The first blurb is from Reformed theologian John Frame…the second thought is from me.

Importance.

By John Frame

When we approach God in prayer, we should approach him not only as servants, but also as sinners saved by grace.  We have offended God; we can approach him only in Jesus’ name—only on the basis of his shed blood.

Although God forgives our sins once for all in Christ, we may not forget about sin as we approach God’s presence.  We must remember and honor the sacrifice of Christ as the basis on which we come to God.  And we must admit that we continue to sin every day (1 John 1:8-10).  The sins of Christians are not less grievous to God than those of unbelievers.  If we love Jesus, we too will grieve over our sins…and will regularly admit our sins and ask God’s forgiveness for the sake of Jesus.

Role.

“The Church” is not merely the plural of “Christian”; it is the institution which Christ is using to fashion a Bride for himself.  God’s Spirit, having been gifted to his people to will and to work to his good pleasure (Phil 2), is grieved when any of us in the Church sin.

Two notable examples in the life of Christ’s Bride in which sin was considered an opportunity for public repentance and confession of sin are found in Scripture.  When David sinned with Bathsheba, he penned Psalm 51, thus creating a penitential psalm that was not simply a private song he sang to God; instead, it was a psalm designed to be sung by all of the covenant people of God.  When Paul addressed a sinful sexual relationship in 1 Corinthians 5, he emphasized the impact such sin would have on the community and encouraged the community to own that sin and repent of it, encouraging them to mourn and to purge the wicked from their midst.

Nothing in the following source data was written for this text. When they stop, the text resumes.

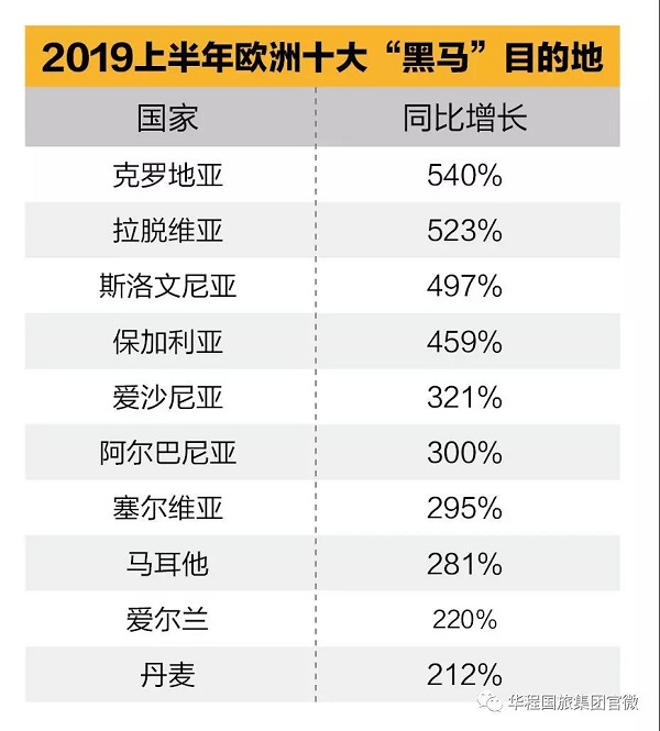 2019年上半年,根据携程旅游数据,十大黑马目的地分别是克罗地亚、拉脱维亚、斯洛文尼亚、保加利亚、爱沙尼亚、阿尔巴尼亚、塞尔维亚、马耳他、爱尔兰及丹麦,其中,上半年前往克罗地亚的游客人数同比上升了540%。
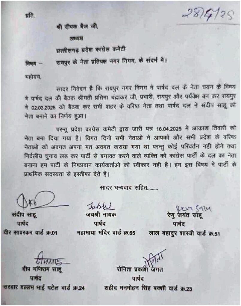 इस्तीफा देने वालों में उप नेता जयश्री नायक समेत 5 पार्षदों ने प्रदेश कांग्रेस कमेटी के अध्यक्ष दीपक बैज के नाम इस्तीफा संबंधी पत्र भेजा है। इस्तीफा देने वालों में जयश्री नायक के साथ ही मनीराम साहू, संदीप साहू, रेणु जयंत साहू, रोनिता प्रकाश जगत के नाम भी शामिल हैं, जिन्होंने अपना इस्तीफा भेजा है।
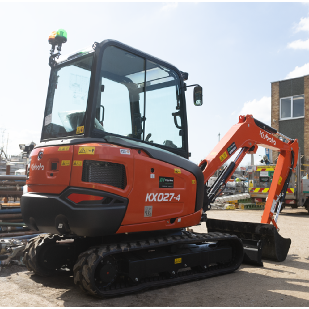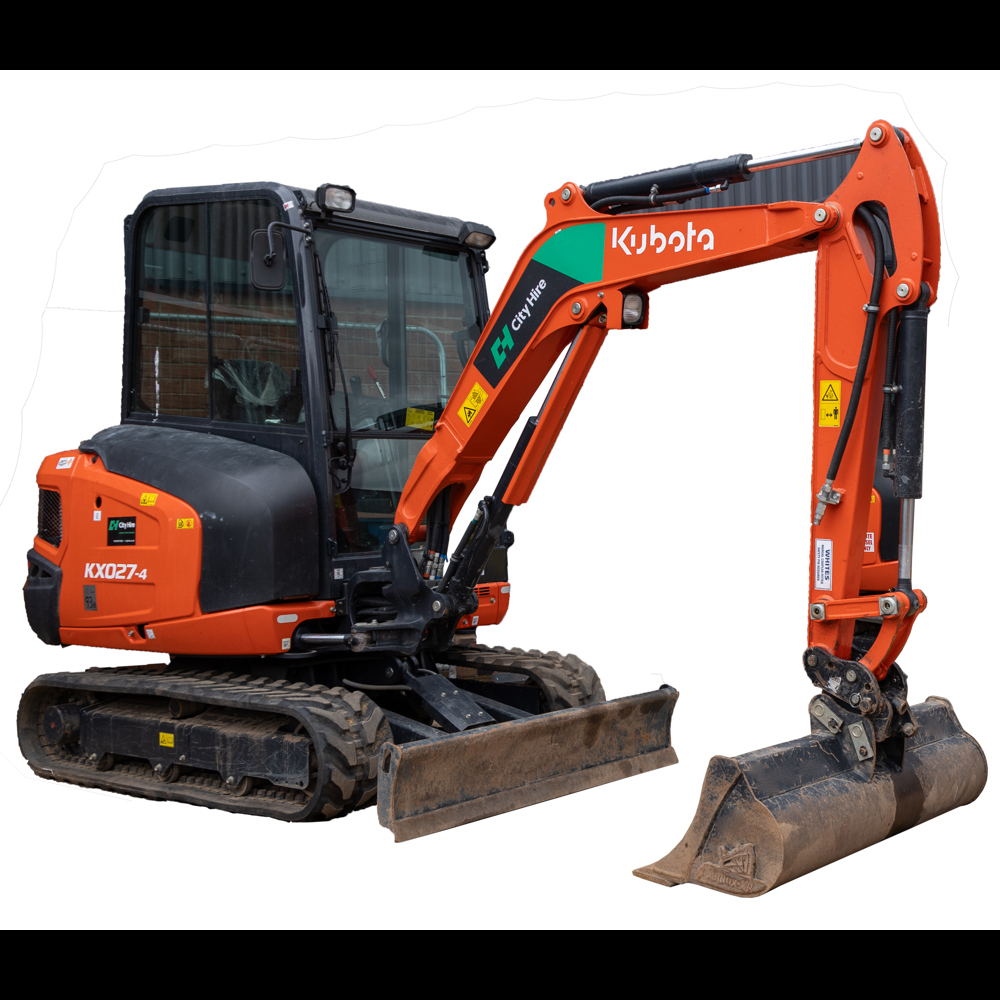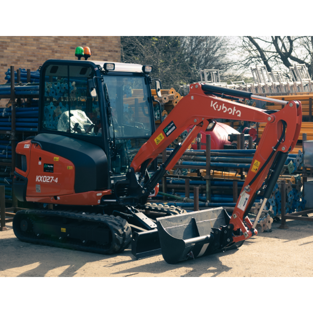 This Kubota KX027 3t digger can lift approximately 1.4t in its optimum boom position.
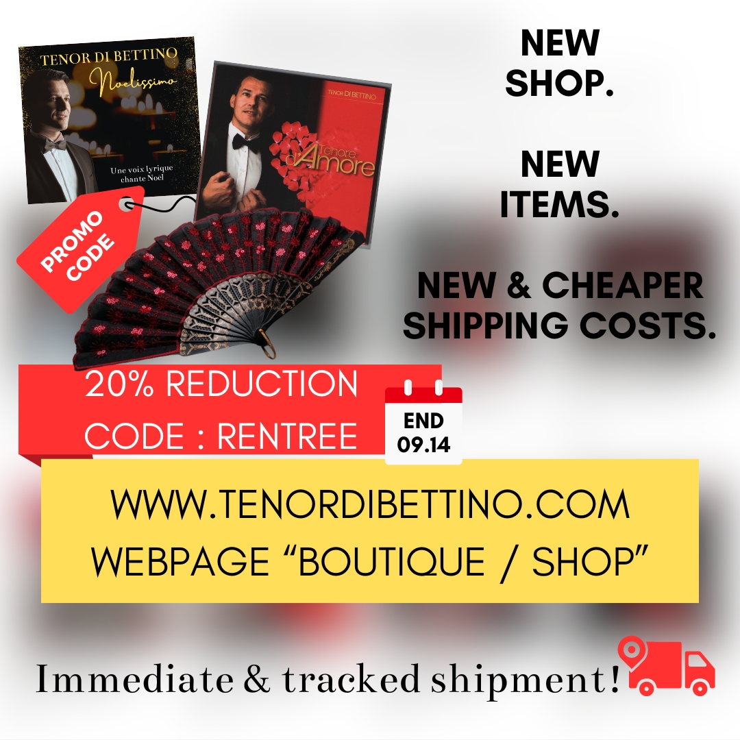 Bonne rentrée à tous! Pour vous donner du baume au coeur, visitez la nouvelle boutique du Ténor Di Bettino où vous pourrez vous procurer les 2 CD studio du Ténor (« Tenore d’amore » et « Noelissimo »), le merchandising du show musical « Ténor in flamenco » et de la tournée « Noelissimo ». Les frais de ports ont été ajustés et la livraison est proposée dans le monde entier.
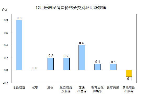 12月份,其他七大类价格环比五涨一降一平。其中,交通和通信价格上涨0.4%,居住、生活用品及服务价格均上涨0.2%,教育文化和娱乐、医疗保健价格均上涨0.1%;其他用品和服务价格下降0.1%;衣着价格持平。
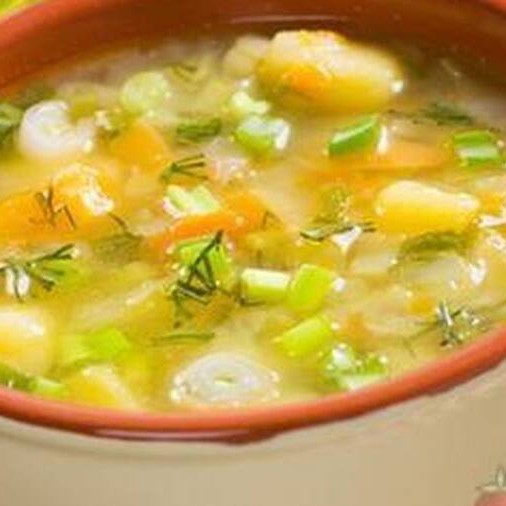 Caldo de legumes, batata, cenoura, couve flor, brócolis, chuchu, ervilha, milho, vagem, macarrão e carne bovina
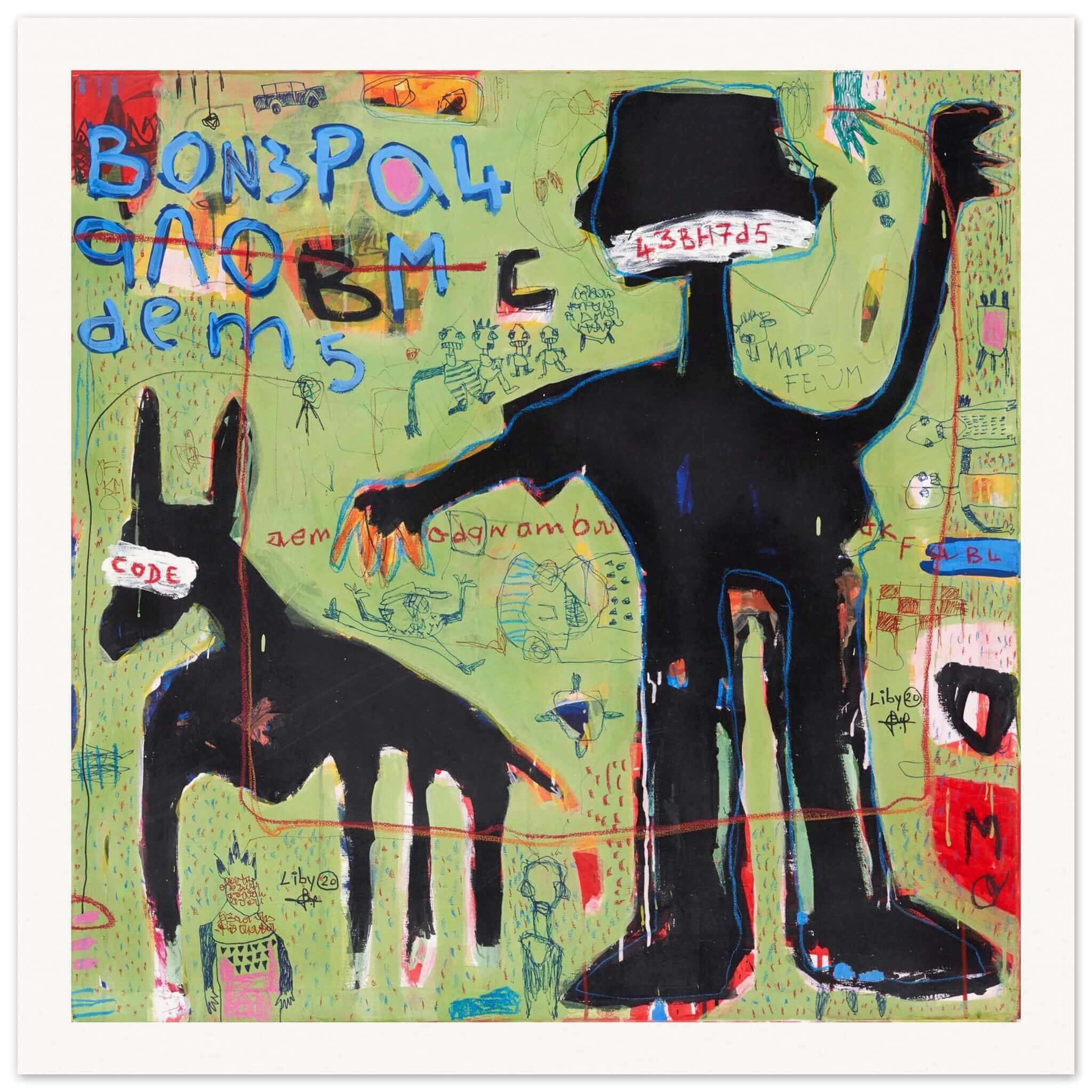 Liby Lougue , moi meme je ne sais pas , 2020 Liby Lougué wurde 1987 in Ouagadougou (Burkina Faso) als Sohn eines Kunstmalers und einer Schneiderin geboren. Er begann schon in jungen Jahren mit dem Zeichnen, indem er Comics und Porträts zeichnete, die er an seine Klassenkameraden verkaufte. Diese Leidenschaft für das Zeichnen entwickelte sich unter dem Eindruck und der Anleitung seines Vaters allmählich zu einer figurativen Malerei. Seine ersten Gemälde bestanden vor allem aus einer Fusion von Acrylfarbe und einer Collage aus heimischen Stoffen, die er im Atelier seiner Mutter gesammelt hatte. Im Jahr 2008 lernte er den burkinischen Maler und Designer Hamed Ouattara kennen, mit dem er seine Maltechniken verfeinerte. Seit 2011 nimmt er an zahlreichen Ausstellungen in Burkina Faso und Weltweit. Liby Lougué ist ein bekennender Bewunderer vom Jean-Michel Basquiats (1960 – 1988) Werk, das ihn auch sehr inspiriert. Wie bei Basquiat spiegeln auch die Werke von Liby Lougué seine Identität wider. Liby Lougué untersucht das Alltagsleben in Burkina Faso mit besonderer Aufmerksamkeit. Seine Arbeit enthält in den ersten Serien einen biografischen Gehalt. Der Künstler nutzt die Malerei mit dem Ziel, seine Beschwerden, seine Gefühle und seine Sicht auf die Welt und unsere Gesellschaft auszudrücken. Seine Werke offenbaren die sozialen Realitäten einer sich im Umbruch befindenden afrikanischen Gesellschaft. Wir bieten drei Formate an: – Unser schwereres, weißes, mattes Premium-Papier hat eine natürliche, glatte, ungestrichene Oberfläche, die sich luxuriös anfühlt. Das Papier mit einem Gewicht von 200 g/m2/ 80 lb ist haltbar und langlebig. – Unsere Master’s Edition, ein cremefarbenes Papier in Museumsqualität, ist ungestrichen und die beste Wahl für Kunstliebhaber, die erstklassige Qualität zu schätzen wissen, um Kunstwerke auf luxuriöse Weise zu genießen. Das 250 g/ 110lb-Papier eignet sich perfekt für Kunstwerke und ist so konzipiert, dass es jahrelang hält, ohne seine ursprüngliche Schönheit zu verlieren. Unser mattes Papier ist ungestrichen und naturweiß (off-white). – Unsere gerahmten Holzposter sind die perfekte Kombination aus Schlichtheit und Robustheit. Das Poster ist auf unserem Master’s Edition Papier in Museumsqualität gedruckt. Es ist cremefarben, ungestrichen und die beste Wahl für Kunstliebhaber, die erstklassige Qualität schätzen, um Kunstwerke auf luxuriöse Weise zu genießen. Eigenschaften: Wir verwenden FSC-zertifiziertes Papier oder gleichwertige Zertifizierungen, je nach regionaler Verfügbarkeit. Das ist besser für die Menschen und den Planeten. Jedes Poster wird in einer robusten Verpackung versandt, damit es sicher und geschützt ankommt.
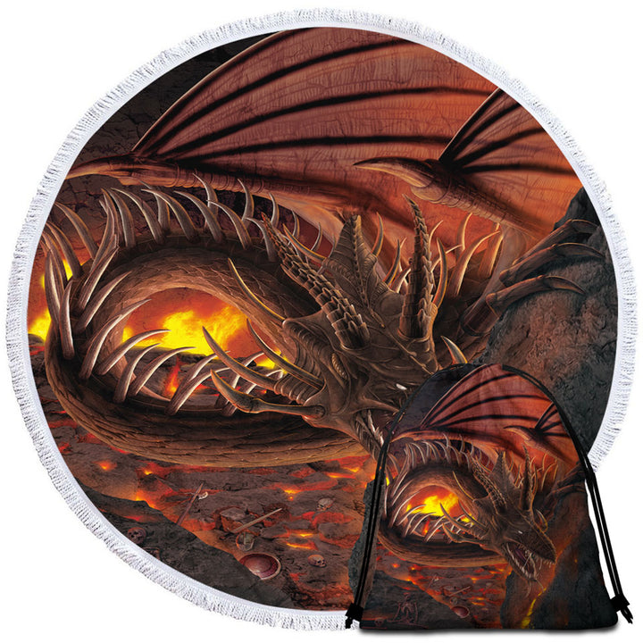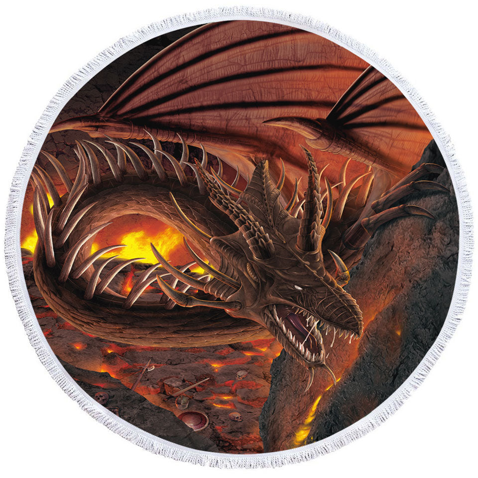 Scary Dragon Hellfire Dragon Round Beach Towel
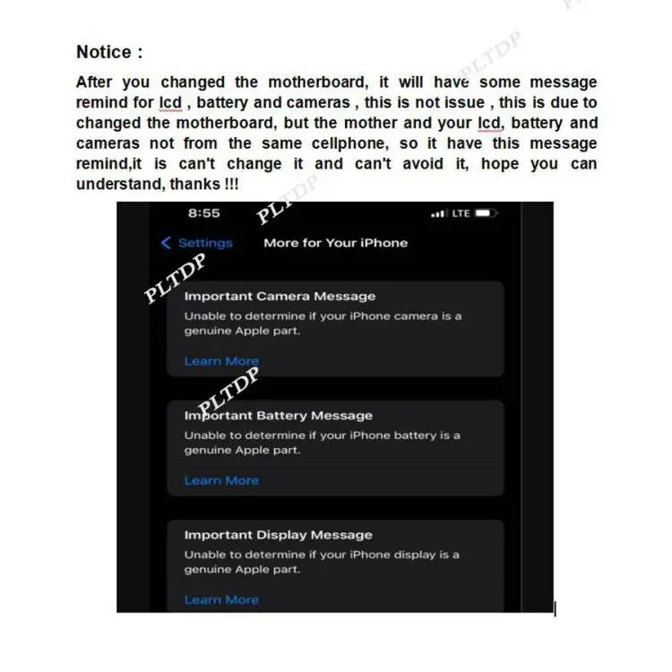 For iphone X / XR / XS / XS-Msx / 11 / 11 Pro / 11 Pro Max / 12 / 12Mini / 12Pro / 12Pro-Max / 13 / 13Mini / 13Pro /13Pro-Max / 14 / 14 Plus / 14 Pro / 14 Pro Max Motherboard with Face ID , when u installing, pls Do not touch camera lens,once touch it that will damage the Face ID function, thanks !!!
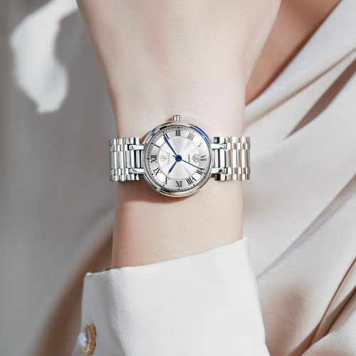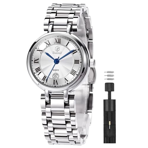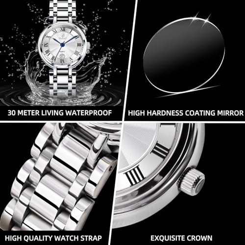 Specification: Waterproof Watches for Women, Dainty Women’s Wristwatches for Small Wrist Analog Quartz Stainless-steel Women Watch Business Dress Minimalist Watch with Roman Number Date Silver Gold Band for Ladies

When we gather together to hear the Word preached, to sing the Word to ourselves, to witness the baptism of new believers and to partake of Christ’s body and blood, we should also be mindful of the sins that the Body of Christ has committed—the ones of which we are guilty and the ones of which our neighbor is guilty.  Mere awareness of these sins, however, stops short of what Christ would have us do.  The message Christ proclaimed was that of repentance and the forgiveness of sins in Christ.  Apart from an understanding of our sin, there is no sweetness of the Gospel.  By confessing this sin out loud and praying for forgiveness, we prepare our hearts to hear the sweetness of the Gospel in the assurance of pardon which we hear after our confession of sin.